- 120 g flour
- 1 T garlic-and-herb seasoning
- 1 T paprika
- 1 t dried thyme
- sea salt and freshly ground black pepper, to taste
- 1 kg lamb neck
- 2 T canola oil
- 1 onion, thinly sliced
- 2 garlic cloves, finely grated or crushed
- 1 green pepper, cored and diced
- 4 leeks, washed and finely chopped
- 2 T tomato paste
- 1 x 410 g peeled and chopped tomatoes can
- 4 cups good-quality beef stock, or enough to cover
- 6 baby carrots, halved lengthways
- 6 pickled onions
Prepare moderate coals in a Weber. Mix the flour with the spices, herbs and seasoning. Toss the lamb neck in the spice mixture. Heat the oil in a large potjie in the Weber. Brown the meat all over, ensuring the coals do not touch the bottom of the potjie.

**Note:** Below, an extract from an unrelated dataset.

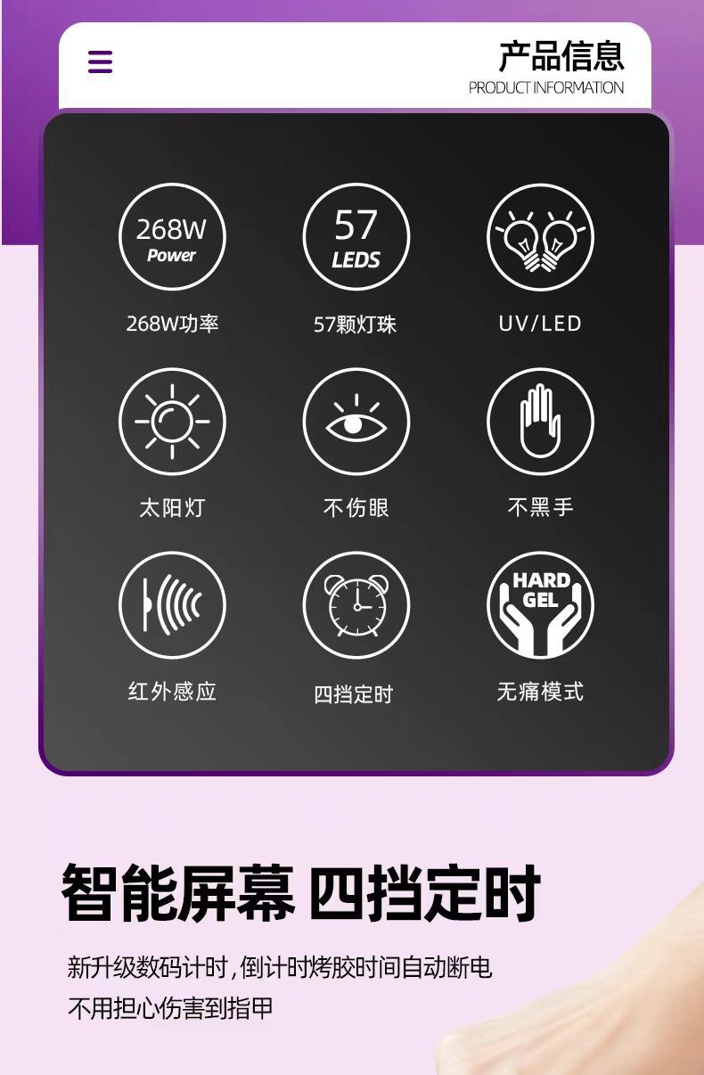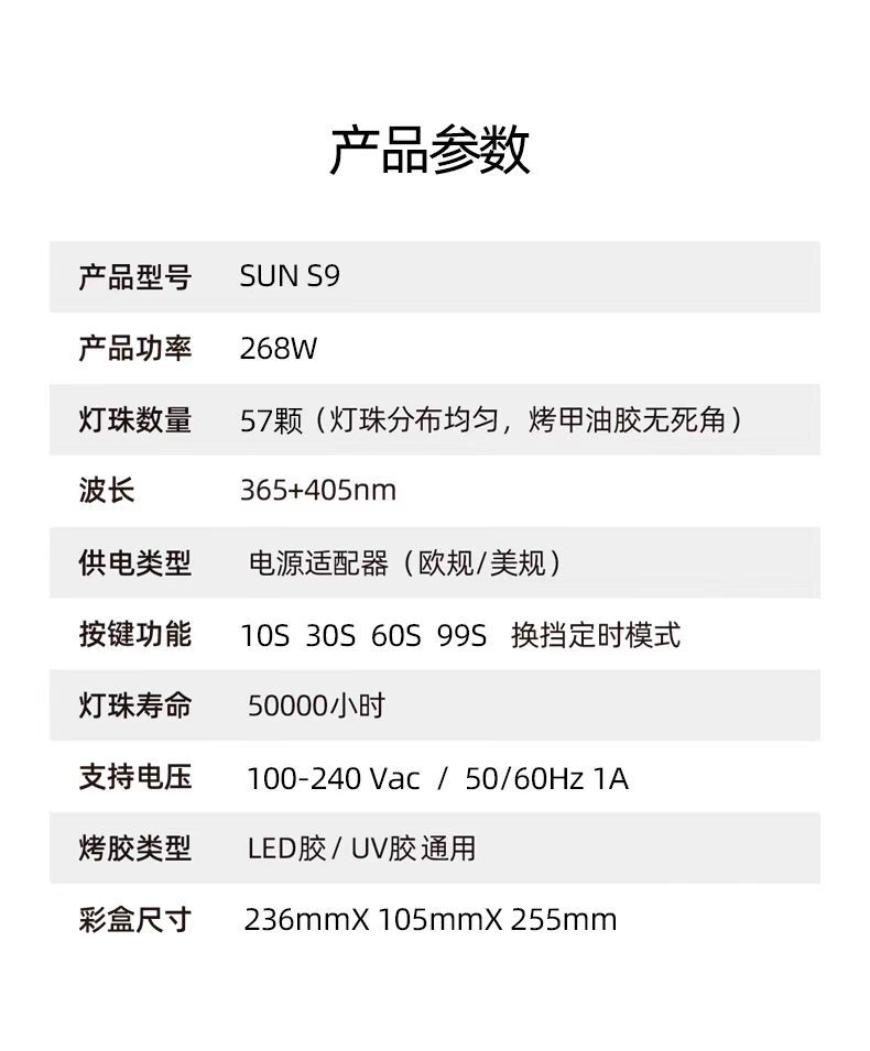 SunS9美甲灯268W大功率双光源LED光疗灯57颗灯珠感应甲油胶烘干机

Add the onion, garlic, green pepper and leeks and cook for 5 minutes.
Add the tomato paste and canned tomatoes, stir and cook for 5 minutes. Add the beef stock and bring to the boil.
Simmer for 50 minutes, or until soft and cooked through. Add the carrots and onions and cook for a further 5 minutes.